G'day Raphael,
Mark Gallagher wrote:
G'day Raphael,
even though I haven't touched the J-P Muhammad cartoons since my last block one month ago, I have now again been blocked for a week for criticizing administrators, who unjustifiably blocked editors for "Censorship" resp. "removing Muhammad images" and literally called editors vandals, who merely removed an insult on their religious belief.
I am not a Muslim myself, but discrimination bothers me wherever I see it. Therefore I created a page in my userspace, where I documented cases, in which editors apparently only have been blocked, because of the strong "free speech" convictions of some administrators: [[User:Raphael1/Persecution of Muslims]]
You were not being a legitimate critic. You were building a hit list.
I wouldn't call it a hit list. It was more like a list of (virtual) victims of the J-P cartoon controversy article.
It was a list of blocks performed by administrators just doing their jobs. The list included not merely your "victims", but also the names of the administrators who you thought had abused their powers. That is a hit list.
This is inappropriate.
Why?
You honestly do not understand why a hit list is an inappropriate use of your userspace privileges?
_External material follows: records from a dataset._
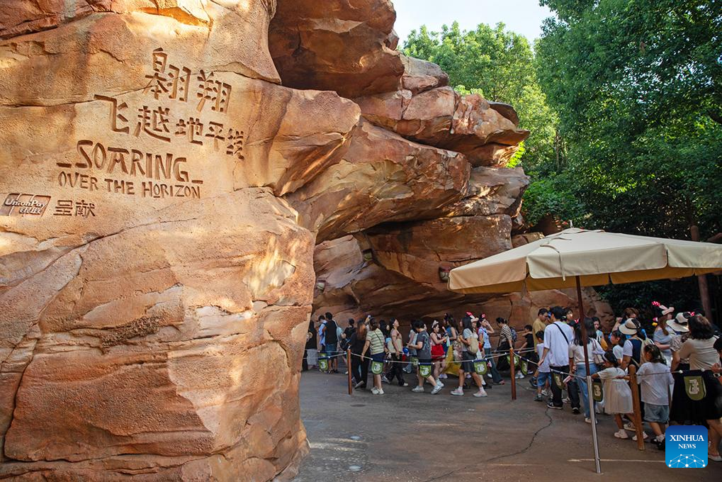 Turistas hacen cola en la atracción icónica de Shanghai Disney Resort, 'Soar Over the Horizon' (Vuelo por el Horizonte), en Shanghai, este de China, el 19 de septiembre de 2025. (Xinhua).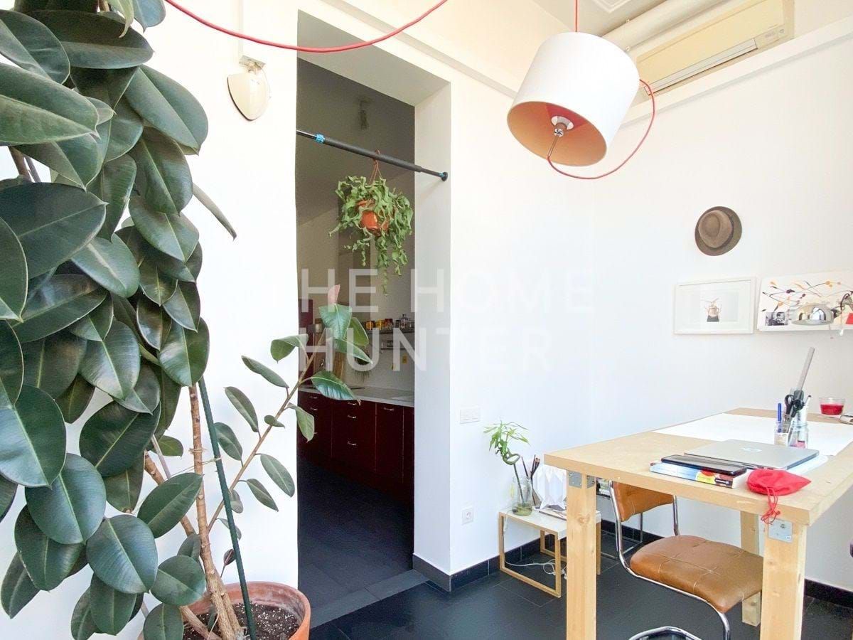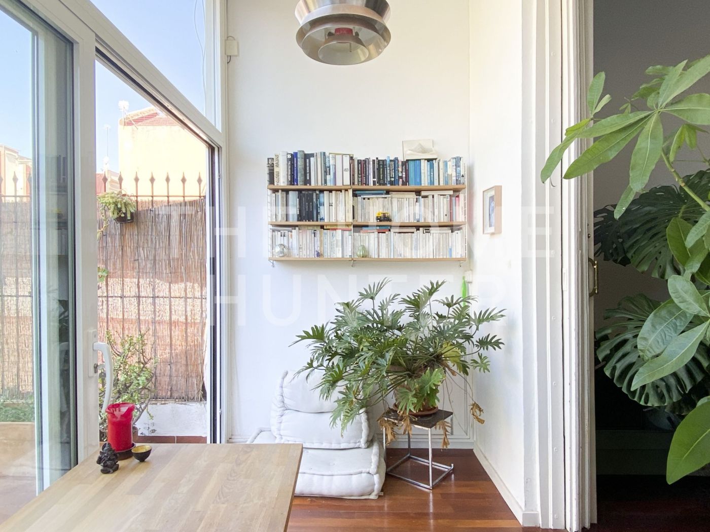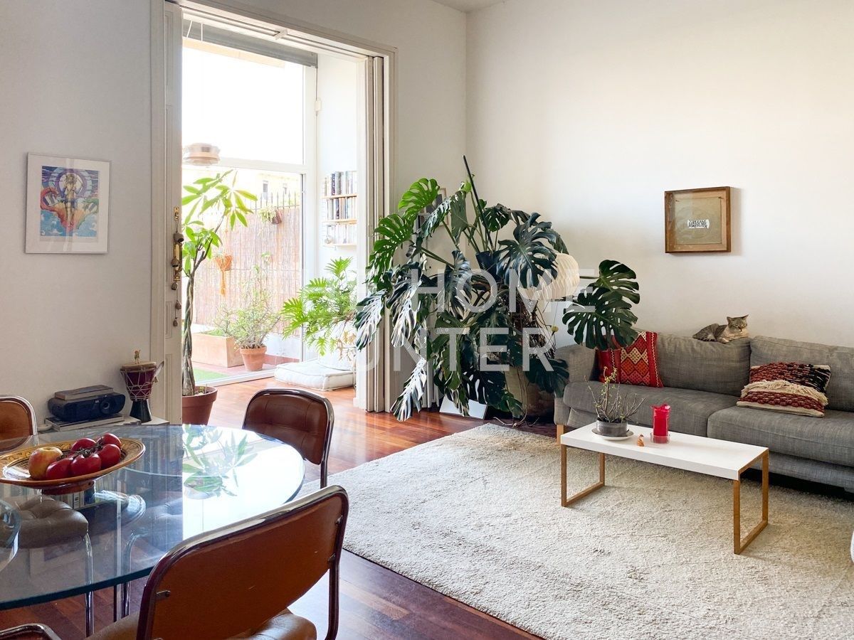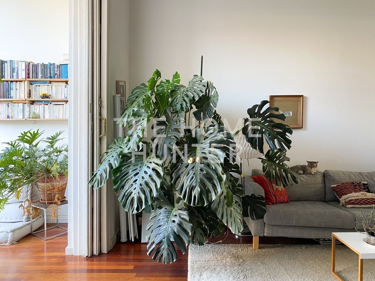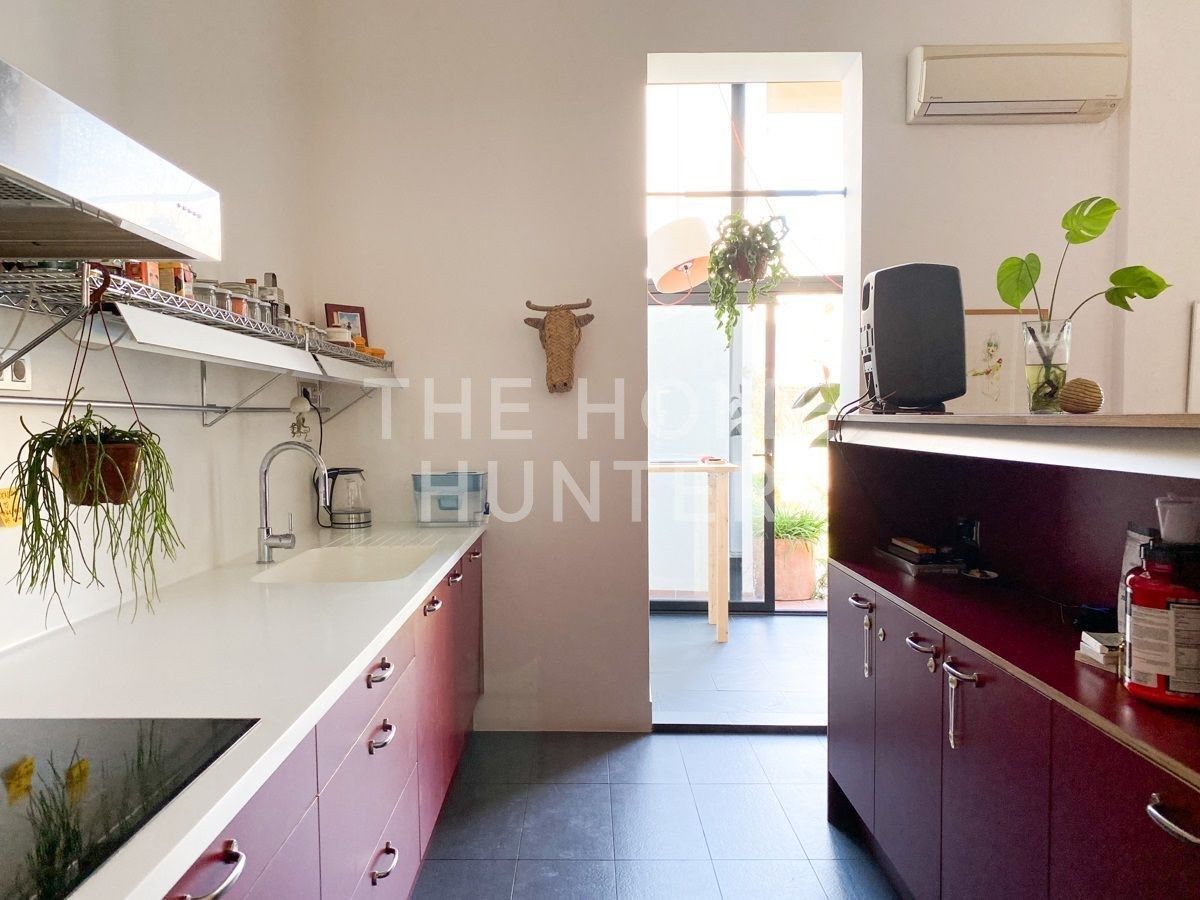 The flat is on the 1st floor and measures 120 m². The living-dining room and the kitchen are wonderful, sharing the same space, and from both, you can step out onto this beautiful 60 m² terrace. But before going outside, there are 2 studies, one to the right and one to the left, both leading to the garden. They are spaces full of light, life, plants, and tranquility. Toward the sleeping area, a hallway leads to 3 bedrooms, one of them with an en-suite bathroom, two sharing a 5 m² patio, and finally another bathroom. The flat is rented unfurnished.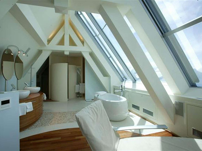 Duplex Suite Lake View (119 кв. м) - двухуровневый номер. Балкон, гостиная, мини-кухня, спальня, ванная комната с джакузи и отдельной душевой кабиной. Дополнительно: кофемашина. Вид на озеро и Альпы.

You do not know why it is frowned upon to maintain a list of users you dislike?
Whew. Well, it's incivil, disruptive, and a series of personal attacks. All of these things are considered Bad by the community as a whole, and I'm not at all sure how you managed to miss that fact.
And why isn't it inappropriate for administrators to block editors to "keep Wikipedia from my brand of censorship" (IIRC I haven't removed the cartoons since I created my account, instead I've moved them behind a link) and enforce their brand of censorship instead?
You're implying, it seems, a quotation. Who said they were "keep[ing] Wikipedia from [your] brand of censorship"?
By the way, you might have noticed that many of us, when we snip others' text, include a little note about it, like so: <snip/>. This is so that other readers will know that we aren't replying to the other fellow verbatim, when we aren't.